A .50% increase to mortgage rates effectively translates to a +6.3% increase to home prices.
In other words, a +.50% increase to interest rates for a conventional 30-year fixed rate mortgage has the same impact on monthly payments as if interest rates were unchanged and homes were 6.3% more expensive.
If rates should increase by an additional .50% over the remainder of the year this would make homes ~12% more expensive even homes don’t appreciate as a result of the basic tenets of supply and demand.
Given that many analysts think both mortgage rates and home prices are expected to increase for the remainder of 2018 it may be significantly less affordable to buy a home in the future than it is today.
Are you curious to learn about the options you have to purchase a home today? Contact us for a no obligation review.

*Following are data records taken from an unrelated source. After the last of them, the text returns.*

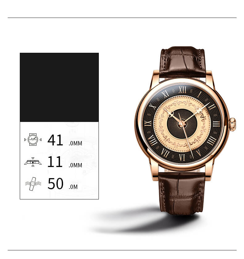 Nhãn hiệu LOBINNI Mã sản phẩm No.16053-9 Giới tính Nam Kiểu máy Automatic (Máy Cơ) Đường kính mặt 43 mm Độ dày 11,5 mm Chất liệu vỏ Thép không gỉ 316L Chất liệu dây Dây da cao cấp Chất liệu mặt kính Sapphire Crystal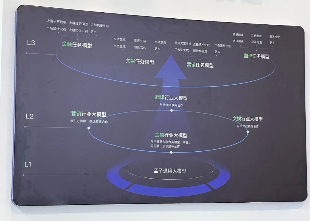 声智科技展示的声智壹元模型(AzeroGPT)提供安全的私有化部署、可信的行业化训练、专业的生成式推理解决方案,并推出单机10块GPU总计800G超大显存超级服务器,为行业用户根据自身数据规模和应用场景定制训练10亿至1800亿参数的行业垂直模型。衔远科技自研通用AI大模型拥有数百亿参数规模,通过ProductGPT为企业与消费者以生成式AI能帮助从商品洞察、定位、设计、研发到营销的创新。维智科技基于时空AI的千亿级参数量城市AI大模型CityGPT,覆盖深度学习、时空知识图谱、多模态、NIP等基础模型和面向城市治理、金融、品牌、零售等众多行业模型。![]()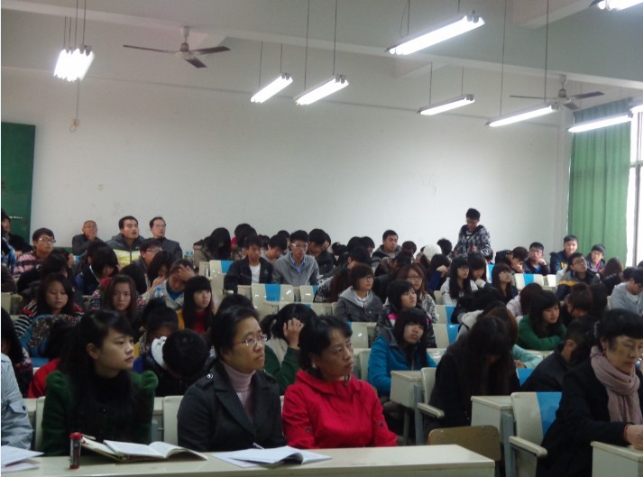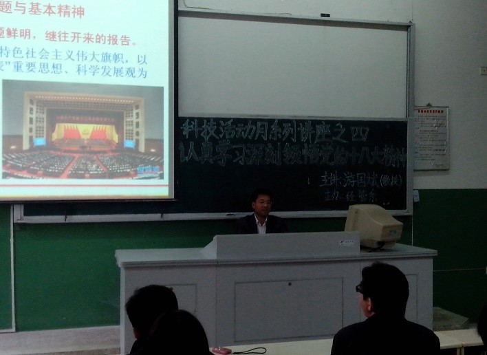 党的十八大是在我国进入全面建成小康社会决定性阶段召开的一次十分重要的大会,为了全系师生更好地学习贯彻党的十八大基本精神,引导大家理解报告精髓与实质,进一步统一思想、深化认识,也作为我系迎接校科技文化月的一大活动。系主任游国斌教授于2012年12月4日下午15:00在师院老校区为师生们举行了“认真学习深刻领悟党的十八大精神”专题讲座。经管系全体师生以极大的热情出席此次讲座。

State of the Union speech may pressure mortgage rates higher
On Tuesday President Trump will deliver the annual State of the Union Address to Congress. Some people think that Congress should work towards increasing the Federal minimum wage. If anyone knows about doing the minimum for their wage it seems like a great place to start.
What legislative priorities will the President focus on in his speech? Any emphasis on infrastructure spending could add fuel to the fire in terms of mortgage rates increasing.
The tax reform law which passed in December has already added $1.5 trillion in deficit spending over the next decade. Additional infrastructure investment without means to pay for it would put further pressure on interest rates to move higher (CLICK HERE to learn how).
Interest rates are currently at the highest levels since April of 2014. There are a variety of factors contributing to higher home loan rates.
Notably the Fed has been hiking short-term interest rates for the past couple years and the longer end of the yield curve has remained flat. It appears longer durations are following suit.
In addition, although inflation measures remain tepid the economy is growing and unemployment is near historic lows. Speaking of employment we’ll get a new all-important jobs report this Friday. The markets are currently expecting ~190,000 new jobs.
On Tuesday the latest S&P Corelogic Case-Shiller Home Price Index will be released as well as Consumer Confidence.
This column has been recommending a locking position ever since the US 10-year treasury note eclipsed 2.50% back on January 10th. Since then mortgage rates have increased by .25%-.375%. I continue to recommend a locking stance.